The authorities involved in the PMLA are director or additional director or joint director, deputy director, additional director or officer, and assistant director. The central government and the chief justice of the high court together can appoint a special court to handle the cases or group of cases. RBI frame the guidelines for financial institutions and banks. SEBI also frames requirements for KYC norms to financial intermediaries handling the securities. The following information comes under the ED scrutinize process:
• Cash transactions with a value of 1,000,000 or equivalent to this value in foreign money.
• The series of transactions with an inter-connection and valued under the rate of 1, 000, 0000 or equivalent in foreign currency comes under the checking process.
• Cash transaction with a count of counterfeit money with a security or document.
• If there is a cash transaction with a non-profit organisation in foreign money with a value of INR 1,000,000, it comes under the checking process.
• Cross-border transfers in foreign currency with a value of INR 500,000 or equivalent are under the checking process.

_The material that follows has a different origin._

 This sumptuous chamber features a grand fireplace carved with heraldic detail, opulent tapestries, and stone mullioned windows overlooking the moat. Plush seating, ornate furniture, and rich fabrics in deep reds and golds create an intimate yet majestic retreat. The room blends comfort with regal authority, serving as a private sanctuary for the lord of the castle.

• Purchase of sale of property by the reporting entity with a value of INR 5,000,000.
• The suspicious cash or noncash transactions are taken by the ED within seven working days of complaint from the relevant party.

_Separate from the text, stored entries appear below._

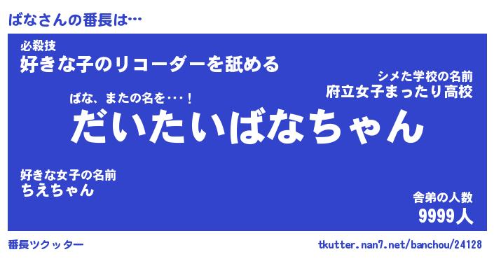 | ヒーロー風カッコイイあだ名 | 『スーパーバナ』『ウルトラばなマン』 |
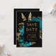 Invitation Mariage en or Turquoise Flore foncé Enregistrer la
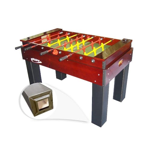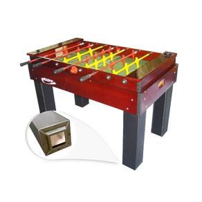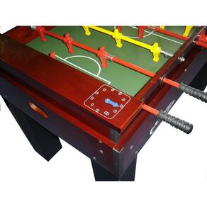 Mesa de pebolim nas medidas oficiais com estrutura da caixa produzida em madeira maciça pinus com acabamento em verniz tingido brilhante, bonecos em alumínio fundido com pintura epóxi e varões embutidos, goleiro com giro de 360º; contador de pontos e pés em MDP com sapata em polipropileno que evita a umidade nos pés.

The three processes in money laundering:
The three stages in money laundering are placement, layering and integration stage.
The first stage is the placement stage. In this stage, the cash has started movement from its source to the money circulation spots. The different placement processes are currency smuggling, currency exchanges, bank complicity, securities brokers, blending of funds and asset purchase.

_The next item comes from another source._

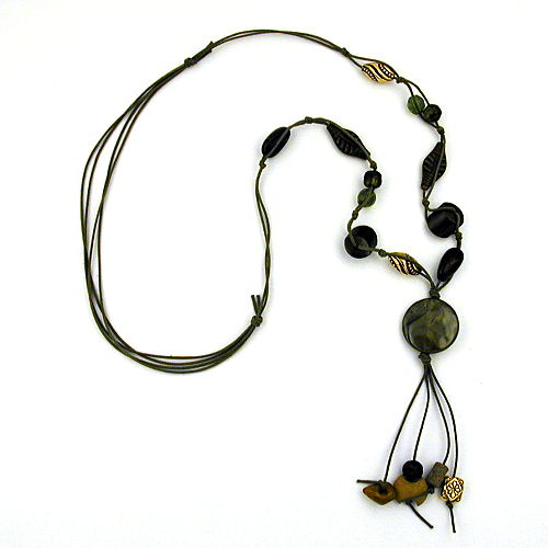Diese wunderschöne, lange, olivfarbene Modeschmuck-Kette in Y-Form passt mit ihren gedeckten Farben auch gut zur Herbst- und Wintermode. Der Mittelpunkt ist die 28mm große, dunkelolivfarbene, seidig-glänzende Kunststoff-Scheibe, die jeweils von 2 Strängen dünner olivfarbener Baumwollkordel gehalten wird, in die weitere verschiedene, khaki-oliv-braune und altgoldfarbene Kunststoffperlen kunstvoll eingeknotet wurden. Die Kette ist im Halsteil ca. 90cm lang und einkürzbar mittels Schiebeknoten auf ca. 65cm, das Y-Teil ist ca. 13cm lang. Der Hingucker sind die 4 baumelnden Strippen, die am Ende ebenfalls mit passenden Perlen verziert wurden. Die metallfreie Pullover-Kette kann ohne einen Verschluss zu öffnen über den Kopf angelegt werden. Farbiger Modeschmuck betont die Farben der Kleidung oder setzt zusätzliche Akzente.

The layering stage is a challenge to the law enforcement agencies. In this stage, the cash changes as monetary instruments and material assets. The layering stage requires international contacts. The monetary instrument is in the form of a money order or banker’s draft. The illegal in the form of assets in the local or foreign location is difficult to seize. The layering stage makes use of technology and financial transactions.
The integration stage makes use of the banking system. Banks help for making illegal money as business earnings. The sale of property is a way to make the illegal money as legal. The criminals make use of false loans and front companies to make illegal money legal.
Final Thoughts:
The popular cases in the Directorate of Enforcement and Department of Revenue show the importance of Indian and foreign laws. Some of the case studies are the Russian money-laundering scandal, wire Remittance Company and Operation Wire Cutter. Chartered accountants and company secretaries are suitable for UPSC examination jobs, Government jobs and ED jobs. Chartered accountants and company secretaries have vast knowledge of the laws, legal system and financial processes. The foundational knowledge helps understand the job. Apart from corporate jobs, the government jobs offer a different type of challenge to the professionals. The interest and goal move the professionals to corporate and government department jobs.